Untuk itu, meski Indonesia telah diajak kerjasama militer menghadapi ISIS, pemerintah harus menolak karena ingin melakukan pendekatan secara lunak, atau soft approach dalam menghadapi perang ideologi di tanah air. Ini karena pemerintah melihat pendekatan militer di Timur Tengah tidak berhasil dalam mengatasi ideologi radikal tersebut. Pendekatan soft approach adalah pendekatan yang menggunakan agama serta budaya untuk mencegah berkembangnya ideologi radikal yang coba ditumbuhkan oleh sejumlah pihak.

Menurut Menko Polhukam, Kementerian agama, Kementerian Sosial dan semua kementerian terkait harus bekerjasama secara terpadu untuk menjalankan program deradikalisasi secara holistik. Menteri Luhut menambahkan bahwa saat ini SDM aparat penegak hukum, dan alat yang dimiliki dalam menangani masalah terorisme sudah sangat baik. Meskipun kelompok teroris sendiri telah berkembang lebih maju dalam soal alat, untuk dapat lepas dari penyadapan, namun aparat tetap berhasil mendeteksi pergerakan kelompok ini.

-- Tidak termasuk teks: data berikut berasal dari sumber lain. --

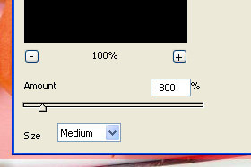 Odpre se novo okno. Amount nastavite okoli -800% in Size določite preko izbirnika na Medium. Kliknite na gumb OK. |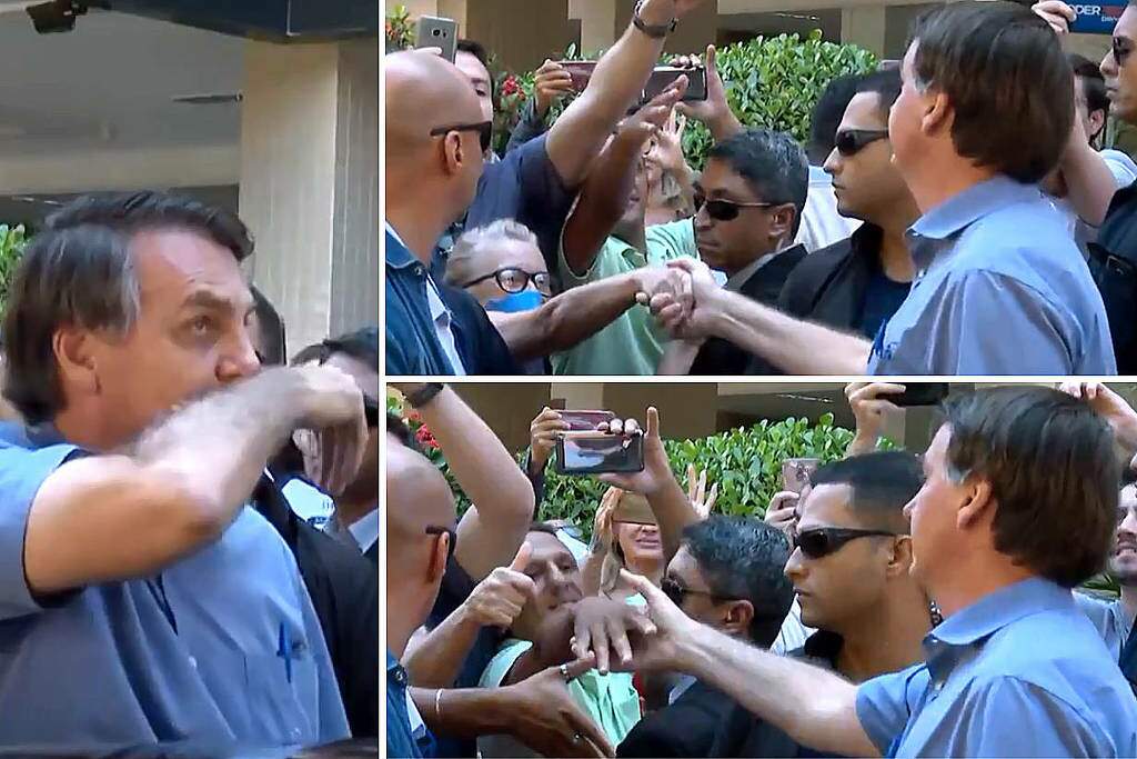 Em um dos momentos, Bolsonaro foi cercado por moradores e, antes de entrar no carro, ignorou orientações sanitárias e, sem demonstrar nenhuma preocupação com a crise do coronavírus, primeiro coçou o nariz com o dorso da mão direita e, segundos depois, passou a cumprimentar uma idosa e outros apoiadores.

Contohnya saja dalam kasus bom Thamrin yang terjadi pada Januari lalu, sebenarnya telah terendus aparat sejak Desember 2015. Ini dapat terjadi karena koordinasi antara penegak hukum dalam mencegah dan menindak kasus-kasus terorisme sudah sangat baik.

Saat ini organisasi-organisasi pendukung ISIS di Indonesia masih terpecah, namun bukan berarti tidak membahayakan. Untuk itulah  pentingnya revisi UU terorisme no 15 tahun 2003 yang saat ini tengah diajukan untuk dibahas di DPR perlu segera tuntas. Salah satunya adalah agar aparat dapat melakukan tindakan preventif terhadap gerakan terorisme.